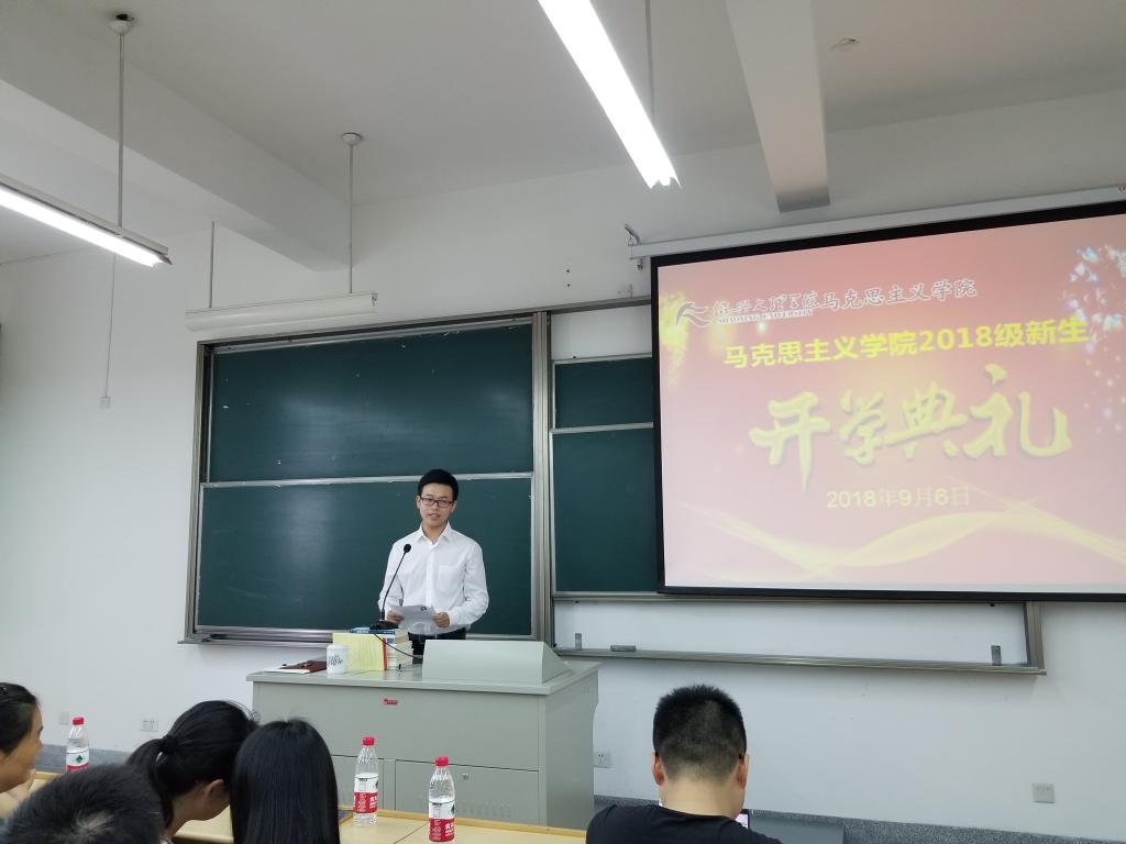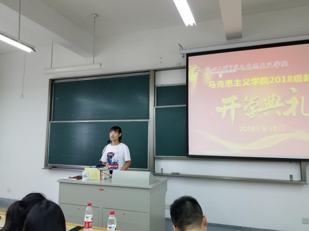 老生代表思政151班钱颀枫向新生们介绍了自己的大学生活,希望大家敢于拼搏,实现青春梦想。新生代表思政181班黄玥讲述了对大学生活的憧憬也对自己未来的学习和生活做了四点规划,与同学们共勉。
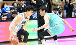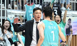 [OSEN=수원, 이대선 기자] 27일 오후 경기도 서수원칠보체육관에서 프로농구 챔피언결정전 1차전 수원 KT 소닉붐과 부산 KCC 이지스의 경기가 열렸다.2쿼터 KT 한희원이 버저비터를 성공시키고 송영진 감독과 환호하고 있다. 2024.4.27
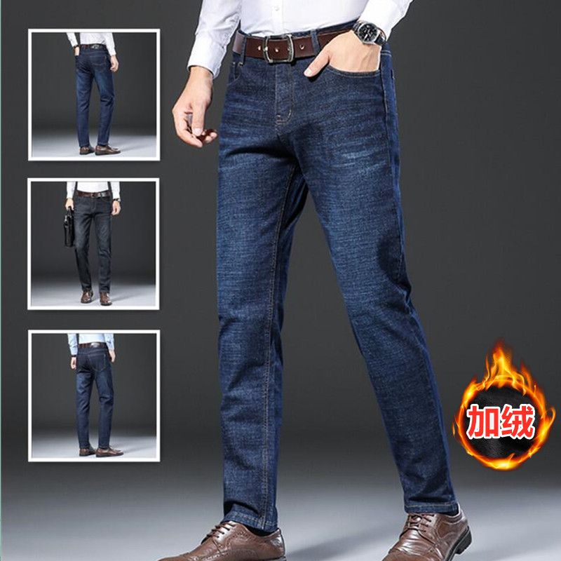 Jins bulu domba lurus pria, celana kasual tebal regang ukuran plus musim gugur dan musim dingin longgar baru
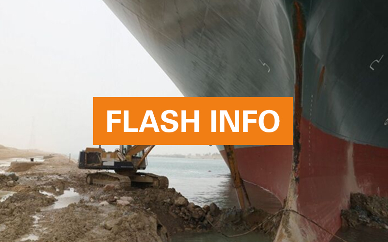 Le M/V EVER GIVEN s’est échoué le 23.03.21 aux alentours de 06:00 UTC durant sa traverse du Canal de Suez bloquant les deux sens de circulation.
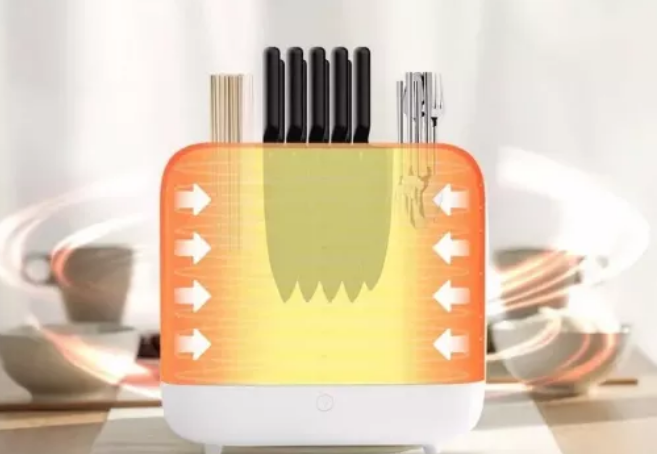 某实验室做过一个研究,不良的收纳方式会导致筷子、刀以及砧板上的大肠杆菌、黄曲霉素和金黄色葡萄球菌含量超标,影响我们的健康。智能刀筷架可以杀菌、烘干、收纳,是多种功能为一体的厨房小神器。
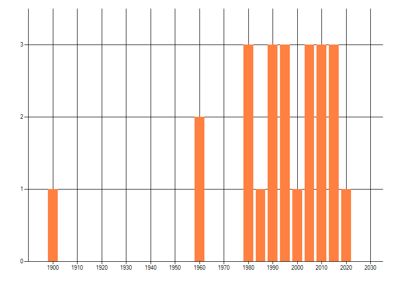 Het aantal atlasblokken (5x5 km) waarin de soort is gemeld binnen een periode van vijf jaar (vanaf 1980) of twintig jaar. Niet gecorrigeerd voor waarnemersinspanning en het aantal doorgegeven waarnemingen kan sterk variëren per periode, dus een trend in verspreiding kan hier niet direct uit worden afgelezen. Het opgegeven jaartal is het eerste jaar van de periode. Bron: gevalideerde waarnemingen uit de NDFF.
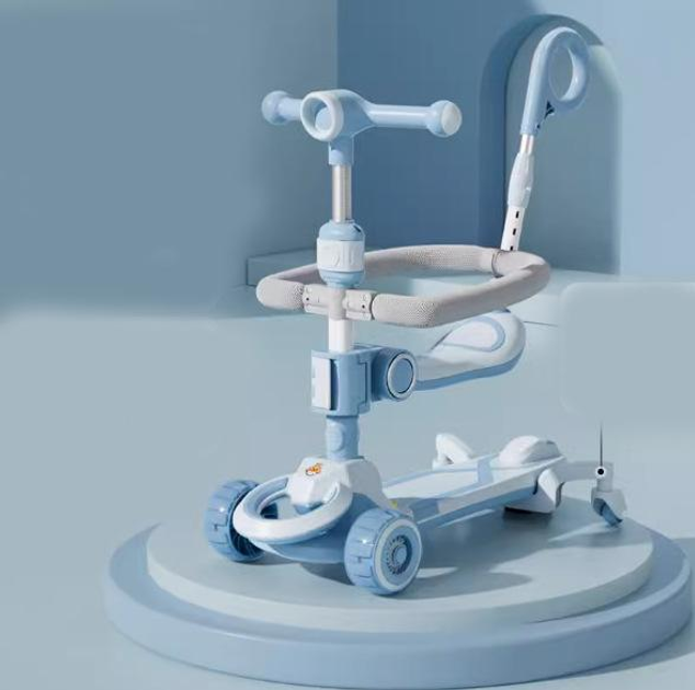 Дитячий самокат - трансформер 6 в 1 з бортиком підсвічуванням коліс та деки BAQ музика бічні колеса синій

TASK BRIEF » Since the pictures are not wanted, transcribe only the rest of the material above, exactly as it stands.

ANSWER FOR THE TASK »
 老生代表思政151班钱颀枫向新生们介绍了自己的大学生活,希望大家敢于拼搏,实现青春梦想。新生代表思政181班黄玥讲述了对大学生活的憧憬也对自己未来的学习和生活做了四点规划,与同学们共勉。
 [OSEN=수원, 이대선 기자] 27일 오후 경기도 서수원칠보체육관에서 프로농구 챔피언결정전 1차전 수원 KT 소닉붐과 부산 KCC 이지스의 경기가 열렸다.2쿼터 KT 한희원이 버저비터를 성공시키고 송영진 감독과 환호하고 있다. 2024.4.27
 Jins bulu domba lurus pria, celana kasual tebal regang ukuran plus musim gugur dan musim dingin longgar baru
 Le M/V EVER GIVEN s’est échoué le 23.03.21 aux alentours de 06:00 UTC durant sa traverse du Canal de Suez bloquant les deux sens de circulation.
 某实验室做过一个研究,不良的收纳方式会导致筷子、刀以及砧板上的大肠杆菌、黄曲霉素和金黄色葡萄球菌含量超标,影响我们的健康。智能刀筷架可以杀菌、烘干、收纳,是多种功能为一体的厨房小神器。
 Het aantal atlasblokken (5x5 km) waarin de soort is gemeld binnen een periode van vijf jaar (vanaf 1980) of twintig jaar. Niet gecorrigeerd voor waarnemersinspanning en het aantal doorgegeven waarnemingen kan sterk variëren per periode, dus een trend in verspreiding kan hier niet direct uit worden afgelezen. Het opgegeven jaartal is het eerste jaar van de periode. Bron: gevalideerde waarnemingen uit de NDFF.
 Дитячий самокат - трансформер 6 в 1 з бортиком підсвічуванням коліс та деки BAQ музика бічні колеса синій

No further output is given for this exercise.